Are 17000+ Not Found (404) Pages OK?
-
Very soon, our website will go a rapid change which would result in us removing 95% or more old pages (Right now, our site has around 18000 pages indexed).
It's changing into something different (B2B from B2C) and hence our site design, content etc would change.
Even our blog section would have more than 90% of the content removed.
What would be the ideal scenario be?
- Remove all pages and let those links be 404 pages
- Remove all pages and 301 redirect them to the home page
- Remove all unwanted pages and 301 redirect them to a separate page explaining the change (Although it wouldn't be that relevant since our audience has completely changed)- I doubt it would be ideal since at some point, we'd need ot remove this page as well and again do another redirection
-
Mohit,
Tom's advice will help you determine which pages are worth redirecting and which should just go to a 404 page (which should be customized instead of the browser/host default, and should also return a 404 response code in the http header!).

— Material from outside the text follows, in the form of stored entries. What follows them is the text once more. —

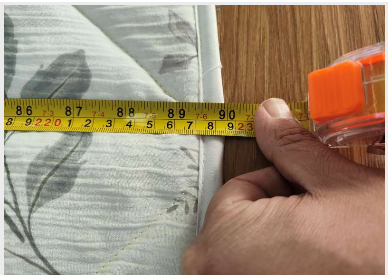
PRODUCT SIZE CHECK
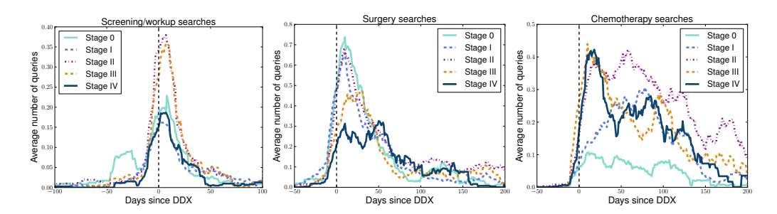
Fig. 3. Average number of queries per day by users associated (based on most frequent search) for each cancer stage. Patterns are consistent with cancer patients with these stages, e.g., surgery is not standard treatment for stage IV and chemotherapy is not standard treatment for stage 0 [Morrow and Harris 2000].

7.2.1. Multi-Pivot Histories. Figure 2 highlights a number of interesting patterns about search behavior over multiple episodes of breast cancer. We note that the overall search volume, including all other queries (beyond those captured by the ontology), remains relatively flat outside of the spikes at the pivots: this suggests that cancer-related search cuts into other search activity, and is indeed "disruptive," from the standpoint of search and retrieval performed prior to the illness. Cancer-related search is largely non-existent prior to the initial workup, but very heavy after the DDX. Cancer-related searches are 3.89 times more frequent in the 60-90 days after DDX than the 60-90 days before DDX, during which cancer searches are at baseline levels. Comparing the 30-day window beginning at 300 days after DDX, cancer-related searches are still 1.25 times greater than baseline levels. The non-ontology queries drop in frequency in these two periods after, at only .88 and .79 the baseline levels after 60-90 and 300-330 days.
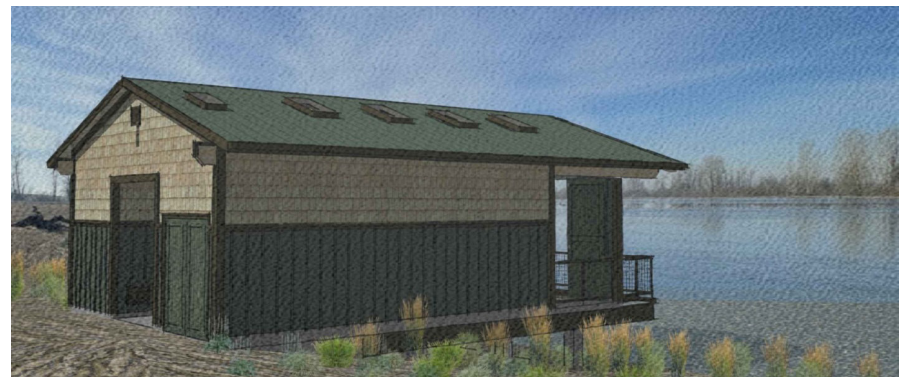
Architect rendering of the new classroom.
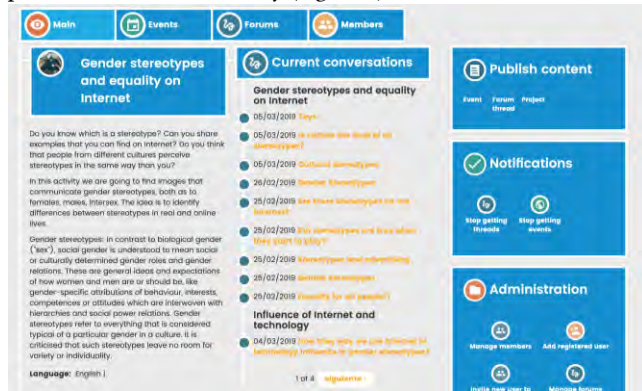
Figure 2: Community about gender stereotypes and equality on Internet inside the WYRED Platform

The international conversation chosen for this research is 'Gender stereotypes and equality on the Internet.' This activity has been developed around International Women's Day (March 8) and aims to share opinions and ideas about gender-related stereotypes on the Internet across Europe. To do this, participants shared all types of information (images, videos, news, etc.) related to stereotypes on the Internet, comment on the content added by other participants and discuss the different forum threads published in the community (Figure 2).
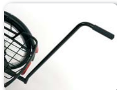
E1 - Pushing handle (335 mm or 605 mm)
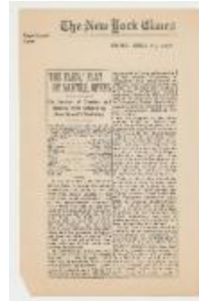
New York Times Review of "The Flies" by Jean Paul Sartre (NS030105_000405)
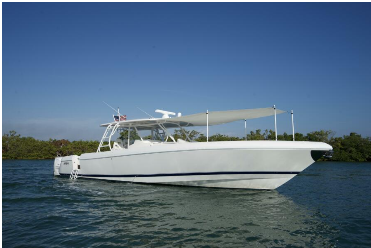
STBD. & SUNSHADE 47' (14.33m) Intrepid, 475 Panacea, 2016
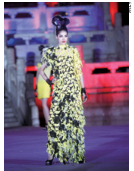
FASHION AND FUN A model poses in a fashion show at the opening ceremony of the 2012 International Tourism Festival at the Imperial Palace in Beijing on June 26

Missions set in a three-year plan for China's
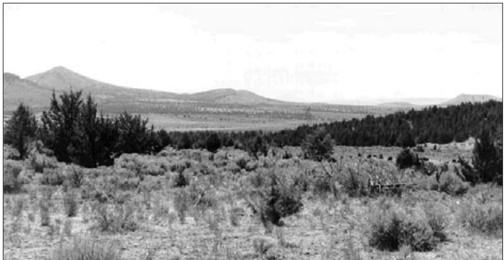
These photos were taken from essentially the same location on the Crooked River National Grassland. Top photo was taken in 1905 and shows a farming operation with the homestead in the lower center of the photo, at the site of a spring. Western juniper exists as scattered trees on the ridge in the near background. Ninety years later, bottom photo shows the same scene in 1995. The ridge is virtually covered with trees, as are the buttes in the far background. Western juniper has even invaded the long-abandoned tilled ground, and the spring is gone.
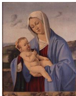
Title: Madonna and Child Date: ca. 1510–12 Primary Maker: Marco Basaiti Medium: Tempera on wood panel
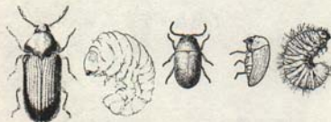
DRUG-STORE BEETLE Adult (left); larvae (right)

Beetles, mites, and moths may infest the kitchen and pantry foods in large numbers. These common household pests feed on a wide variety of foods, including: flour, pancake mix, corn meal, cereals, breakfast foods, red pepper, macaroni, dried fruits, nuts, dried meats, sugar, chocolate, tobacco, birdseed, drugs, etc. Several beetles, two moths and at least one mite fall into this category (see illustrations).
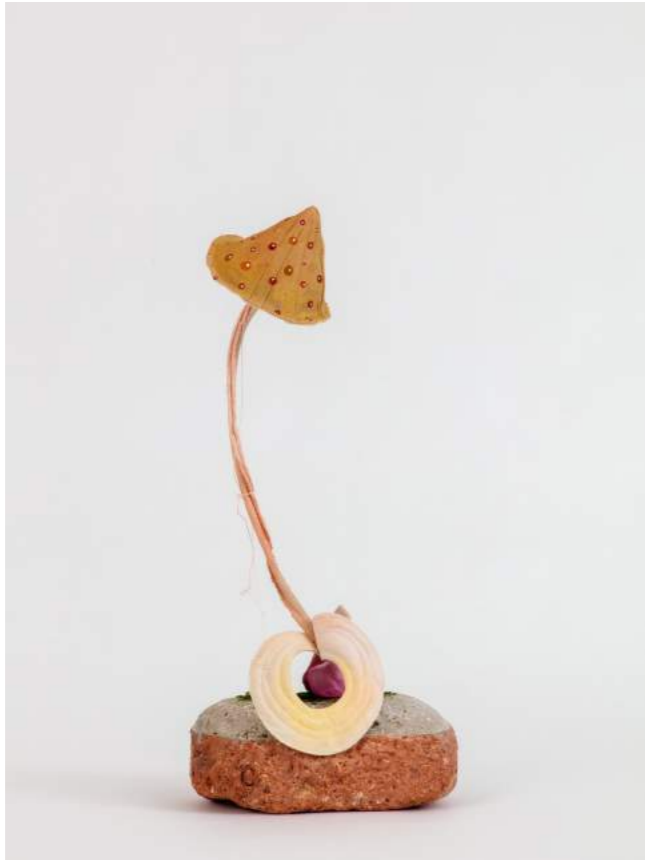
Silia Ka Tung Mr Reishi , 2022 Acrylic on Canvas, Polyfill, Wire and Brick 53 x 26 x 12 cm
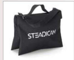
Steadicam logo dual zippered pocket sandbag with shoulder strap FFRR-000014
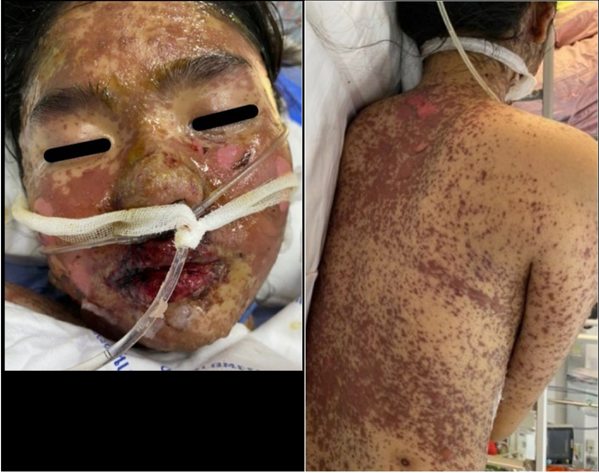
San Diego, CA - 12 year old boy developed "Eosinophilic cellulitis" one day after 2nd dose of Pfizer COVID-19 mRNA jab, Jan. 2022 ( click here )
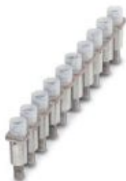
Fixed bridge, number of positions: 2, color: violet

Please be informed that the data shown in this PDF Document is generated from our Online Catalog. Please find the complete data in the user's documentation. Our General Terms of Use for Downloads are valid ( http://phoenixcontact.com/download )
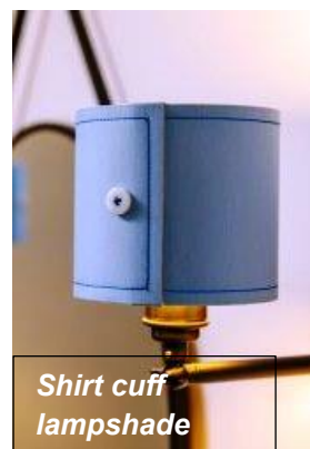
Shirt cuff lampshade

wooden shoe lasts and, in the restaurant, brogue-patterned wooden panels, wire sculptures of Oxford clothing and even a chandelier made from shoe horns. Yet, all these features manage to avoid quaintness and instead are subtle, witty, elegant and somehow classic.
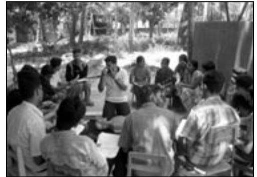
Direct Relief funded Sarvodaya to conduct first aid training programs for volunteer community health workers at its 30 health posts that Direct Relief also financed. Sarvodaya recruited another Direct Relief partner, St. John's Ambulance Sri Lanka, to conduct the training on a pro bono basis.

The Rainbow Clinic's services are completely free of charge, enabling access for low-income families as well as previously middle income families that lost property, assets, and livelihoods in the tsunami.
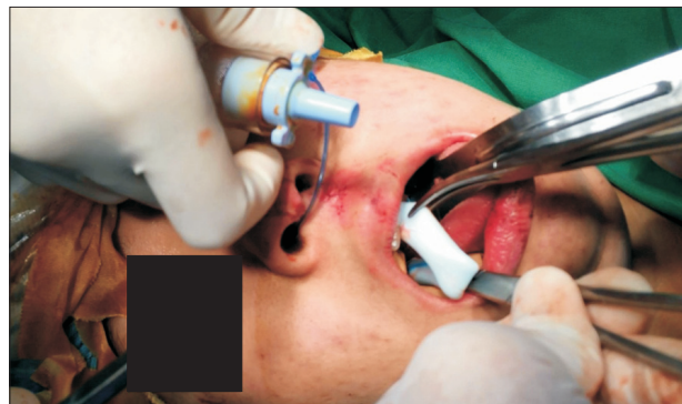
Fig. 3. Clinical photo showing the nasal tube being pulled and delivered orally. Notice the cuff inflation tube remains in the nose.

Jin Yong Cho et al: A simple method of intraoperative intubation tube change. J Korean Assoc Oral Maxillofac Surg 2014
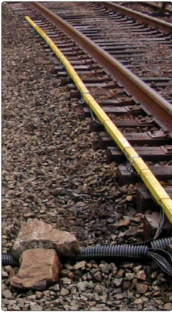
● MEMS Tilt Beam (fiberglass version) installation alongside railroad tracks.
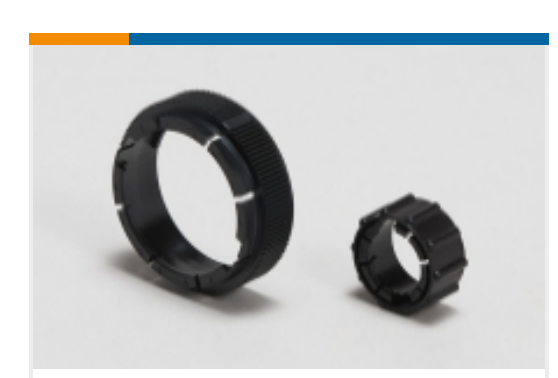
Circular Connector Adapters(7)
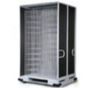
Portable Storage Modules
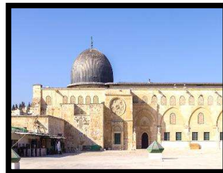
Masjid Al Aqsa
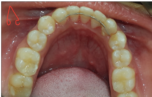
Figure 3: Bonding done ævæ clips removed

Moreover, then the wire is extended to the incisal area and bended linguallly. Markings are done at the area where the fixed lingual retainer is to be given, and round bend facing to the lingual embrasure area is given so that the lingual retainer wire is hold at the desired level by this "V" Retainer clip.
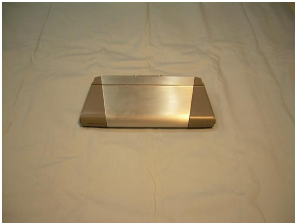
Photograph 1 – Front View of the EUT
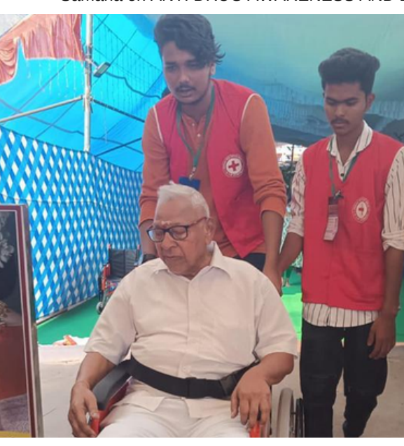
IRCS AP State Branch, NTR District Youth Red Cross Volunteers offering their services on the 4th Day for the lakhs of Devotees on the hill of Kanaka Durga Temple, Vijayawada.
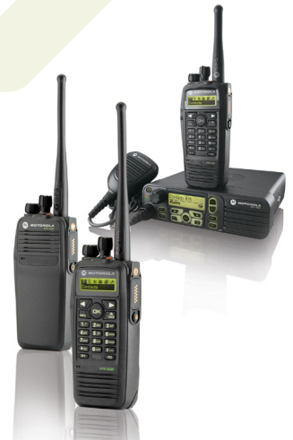
Motorola MOTOTRBO XPR Digital Radios
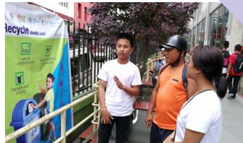
A banner presentation at the Millennium Mall, Aizawl, helped to engage the community on the theme Beat Plastic Pollution .
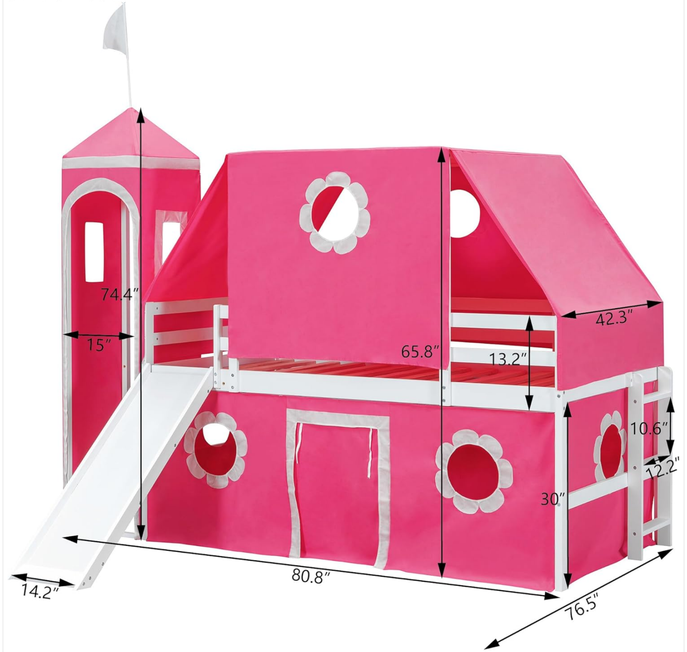
Image 1: Overall dimensions of the Polibi Castle Loft Bed. The bed measures approximately 80.8 inches in length, 76.5 inches in width (including the slide), and 74.4 inches in height (to the top of the tower flag). The sleeping platform is 65.8 inches long and 13.2 inches high from the base of the bed frame. The slide extends 14.2 inches from the bed frame.
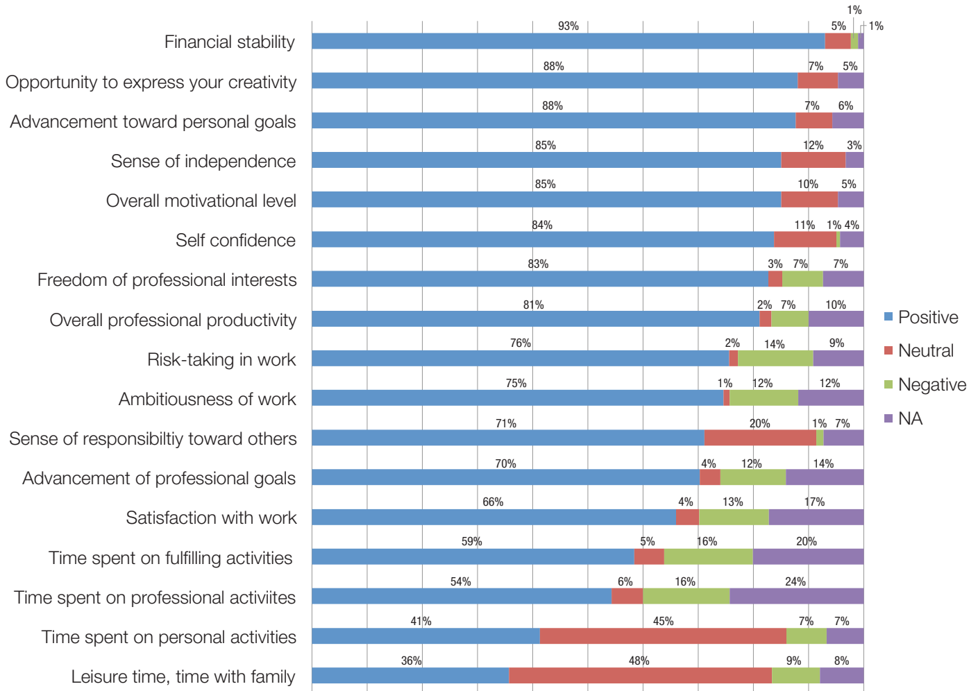
FIGURE 1. FELLOWS' PERCEPTIONS OF THE IMPACT OF THE FELLOWSHIP

The assessment did not attempt to catalogue the post-award accomplishments of individual Fellows or to measure directly the impact of the Fellowship on a specific discipline. Fellows perceive the Fellowship as having the potential to draw attention to a Fellow’s area of work, especially in smaller and nascent fields.

My guess is that pages with links only from scraper sites aren't going to pass the tests laid out by Tom and thus would just go to a 404 page. However, any that have decent external links would fit the criteria and would be candidates for a 301 redirect.
-
Just to add a little to this great reply...
Here is how I would determine if it was worth my time to keep some of the old pages.
If the industry is the same but the end user is different, I would make EVERY attempt to keep those old pages. AuthorRank will matter in the future if you can contribute that information into a particular rel=publisher then I think it will be totally worth the time.
If, however, the information has nothing to do with the industry, then I wouldn't even consider taking the time to figure all of this out. I would have a kick ass 404 page to help people find your new stuff though.
Remember too that when you 301 redirect you do in fact loose some "link juice". (I really hate that phrase) So if the incoming links are of little to now value then a 301 will provide even less.
-
Hi Tom.. Thank you for your advice.
The thing is, we don't want to retain the users. They are not going to serve our cause anymore (We used to spend thousands of dollars every month on server costs just to keep up with teh load. now we are cutting it down- so unwanted users are not really something we want as it would result in load increase)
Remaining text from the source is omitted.